Full pipeline to turn a video podcast episode into Instagram content (carousel posts, quote cards, and Reels). Transcribes the episode, extracts key quotes w...
---
name: episode-to-instagram
version: 1.0.1
description: Full pipeline to turn a video podcast episode into Instagram content (carousel posts, quote cards, and Reels). Transcribes the episode, extracts key quotes with timestamps, pulls video frames, generates aesthetic carousel slides, and posts to Instagram via browser automation. Use when the user provides a full podcast/video episode or a YouTube/video webpage URL and wants Instagram-ready content generated and posted.
---
# Episode to Instagram
End-to-end pipeline: video episode or YouTube/video webpage URL → local media acquisition → transcript → content extraction → carousel/image generation → Instagram posting via browser automation.
## Prerequisites
- `ffmpeg` (installed via Homebrew)
- OpenAI API key (for Whisper transcription)
- Replicate API key (for visual generation — optional, can use built-in image generation)

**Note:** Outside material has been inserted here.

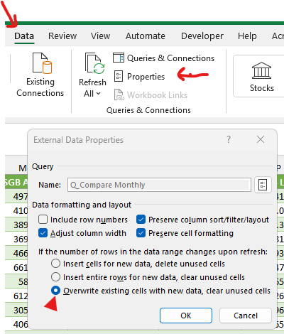 Thanks for posting Mohami. I am not finding the overwrite option in Data->Queries & Connections->Properties. Could you show me where you are seeing it. Thanks Jacchi
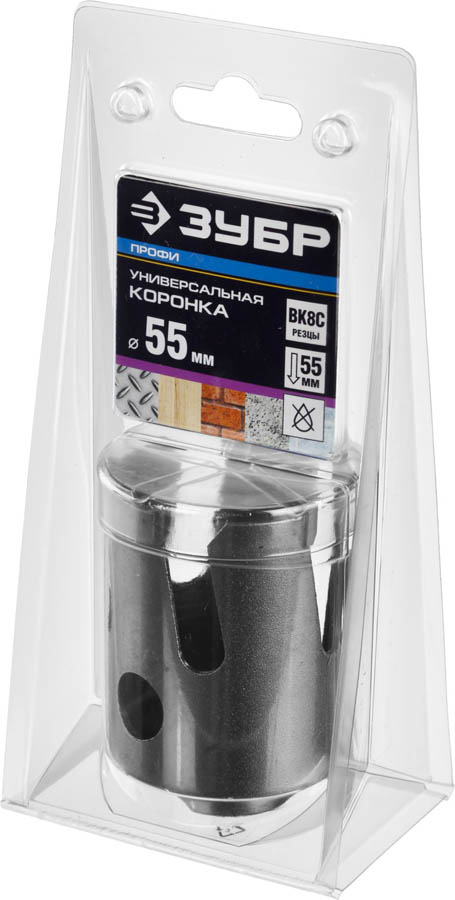 Коронка ЗУБР "ПРОФИ" "ПРОУНИВЕРСАЛ", твердосплав резцы, бетон, кирпич, керам, цв мет, гипсокарт, пласт, дерево, d=55мм

- `openclaw browser` for Instagram posting
- Instagram account logged in via the OpenClaw browser profile (optional account/series branding can be stored in `brand-config.json`, e.g. `@yourhandle`)
## Pipeline Steps
### Step 0: Acquire Source Media
If the user provides a YouTube URL or a webpage that embeds a podcast/video episode:
1. Resolve the actual video URL from the page if needed
2. Download the best practical local source copy before transcription/frame extraction
3. Save the original source URL alongside the working files for traceability
4. Prefer a stable MP4/MOV source when possible; if only YouTube is available, download the combined video/audio asset first
Expected outputs in the episode working directory:
- `source-url.txt`
- `source-video.mp4` (or equivalent local video file)
### Step 1: Transcribe
Script: `scripts/transcribe.sh`
1. Extract audio from the video file using ffmpeg
2. Split into chunks if >25MB (Whisper API limit)
3. Send to OpenAI Whisper API for transcription
4. Output: timestamped transcript as JSON + plain text
### Step 2: Extract Content
This step is model-driven (not scripted). The agent should:
1. Read the full transcript
2. Identify the 8-12 best moments for Instagram content:
- 3-4 short quotable moments (for carousel text overlays)
- 2-3 key insight passages (for carousel takeaway slides)
- 3-4 high-energy or visually interesting segments (for Reel clip timestamps)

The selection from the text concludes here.